Reading the data

Convert a numeric or character column into a factor variable, using as.factor()

## [1] "factor"
## [1] "factor"
## [1] "factor"
## [1] "factor"

Checking t-test Assumptions

Assumption of Normality

We will check whether the dependent variable wt is normally distributed or not.

Q-Q Plot

We can see that all the data points are not on the 45 degree line, hence we assume that the distribuion of weight is not normal.

Shapiro-Wilk Test for Normality (sample size must be between 3 and 5000)

H0: mtcars$wt is normally distributed

## 
##  Shapiro-Wilk normality test
## 
## data:  mtcars$wt
## W = 0.94326, p-value = 0.09265

Here the test indicates that the assumption of normality is followed at 5% level of significance as the p-value > 0.05. We FAIL TO REJECT the Null hypothesis. But at 10% level of significance the assumption of normality is not followed as the the p-value (0.09265) < 0.10.

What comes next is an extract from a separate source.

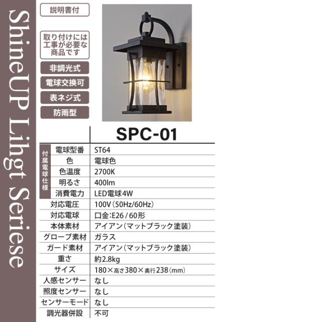 玄関灯 ポーチライト 防雨 外灯 玄関 LED 照明 門柱灯 庭用 壁掛けライト ブラケットライト おしゃれ PSEマーク取得 SPC-01

Two-sample Kolmogorov-Smirnov test for Normality

## 
##  Two-sample Kolmogorov-Smirnov test
## 
## data:  x and mtcars$wt
## D = 0.9375, p-value = 1.22e-12
## alternative hypothesis: two-sided

Assumption of Equal Variance

We will check whether the variances across the two groups are same or not.

## 
##  F test to compare two variances
## 
## data:  wt by am
## F = 1.5876, num df = 18, denom df = 12, p-value = 0.4177
## alternative hypothesis: true ratio of variances is not equal to 1
## 95 percent confidence interval:
##  0.5107978 4.3959133
## sample estimates:
## ratio of variances 
##           1.587613

From the output above we can see that the p-value is not less than the significance level of 0.05. This means that there is no evidence to suggest that the variances are statistically significantly different. Therefore, we can assume the homogeneity of variances in the two groups (am = 1 & am = 0).

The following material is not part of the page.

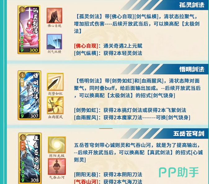 6个外功是必须要的一个都不能少,太极主要是可以解除掉控制辅助其他功法的输出,五岳和孤灵相继输出然后第四个出幻影,其实顺序都是大家常出的,第五个肯定就是悟明它可以帮忙聚集气,还可以增加对对手的伤害值,流云也是主打聚气的而且没那么多限制。
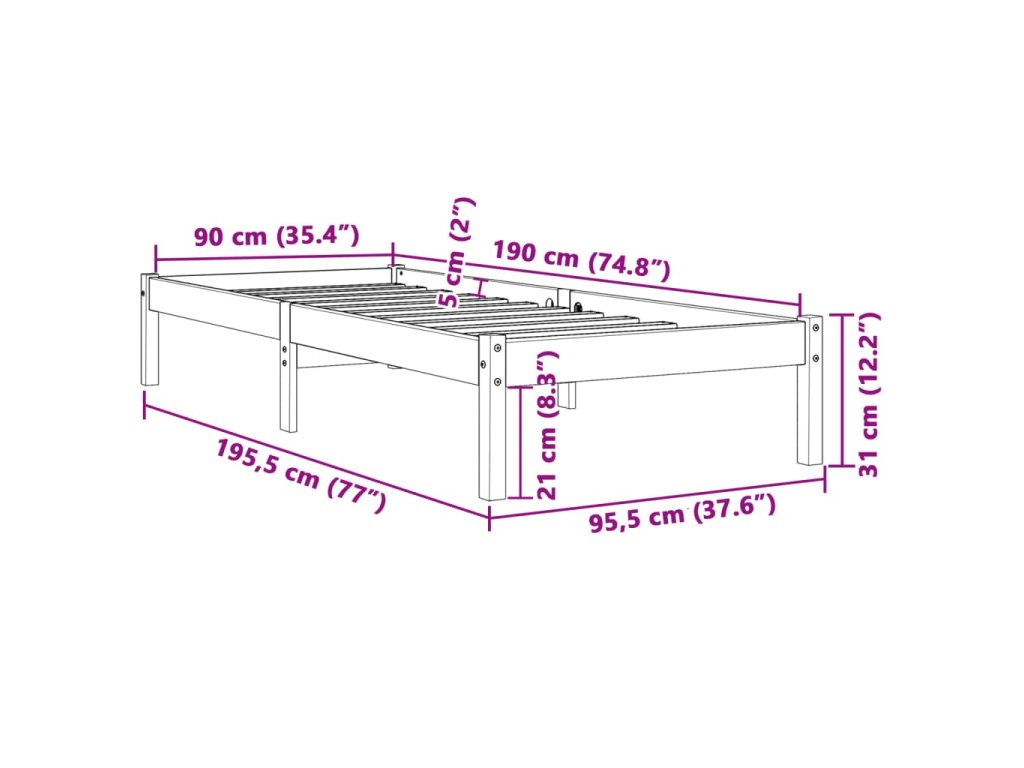 - Vhodné rozměry matrace: 90 x 190 cm (Š x D) (matrace není součástí balení)

If the Assumption of Equal Variance is Violated?

We will use Welch Two Sample t-test. We can use this test by simply writting (var.equal = FALSE) using t.test() in R

Example

## 
##  Two Sample t-test
## 
## data:  wt by am
## t = 5.2576, df = 30, p-value = 1.125e-05
## alternative hypothesis: true difference in means is not equal to 0
## 95 percent confidence interval:
##  0.8304317 1.8853577
## sample estimates:
## mean in group 0 mean in group 1 
##        3.768895        2.411000
## 
##  Welch Two Sample t-test
## 
## data:  wt by am
## t = 5.4939, df = 29.234, p-value = 6.272e-06
## alternative hypothesis: true difference in means is not equal to 0
## 95 percent confidence interval:
##  0.8525632 1.8632262
## sample estimates:
## mean in group 0 mean in group 1 
##        3.768895        2.411000

Non-Parametric Tests

1. One-Sample Wilcoxon Signed Rank Test

The one-sample Wilcoxon signed rank test is a non-parametric alternative to one-sample t-test when the data cannot be assumed to be normally distributed. It’s used to determine whether the median of the sample is equal to a known standard value (i.e. theoretical value).

To compare whether the median weight of cars the differ from 3 (1000 lbs), a value determined in a previous study.

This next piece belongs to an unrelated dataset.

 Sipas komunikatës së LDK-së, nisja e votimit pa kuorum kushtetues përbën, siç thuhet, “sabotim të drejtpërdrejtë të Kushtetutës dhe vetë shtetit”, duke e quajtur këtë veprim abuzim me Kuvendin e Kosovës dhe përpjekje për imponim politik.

H0: The median weight of the cars is not different from theoretical median 3 (1000 lbs). H1: The median weight of the cars is different from theoretical median 3 (1000 lbs).

## 
##  Wilcoxon signed rank test with continuity correction
## 
## data:  wt
## V = 319, p-value = 0.3081
## alternative hypothesis: true location is not equal to 3

The p-value of the test is 0.3081, which is greater than the significance level alpha = 0.05. So we fail to reject the null hypothesis, We can conclude that the median weight of the cars is not different from theoretical median 3 (1000 lbs)

2. Two-Sample Wilcoxon

The unpaired two-samples Wilcoxon test (also known as Wilcoxon rank sum test or Mann-Whitney test) is a non-parametric alternative to the unpaired two-samples t-test, which can be used to compare two independent groups of samples. It’s used when your data are not normally distributed.

To compare whether the median weight of the cars having am = 0 is significantly different from median weight of the cars having am = 1.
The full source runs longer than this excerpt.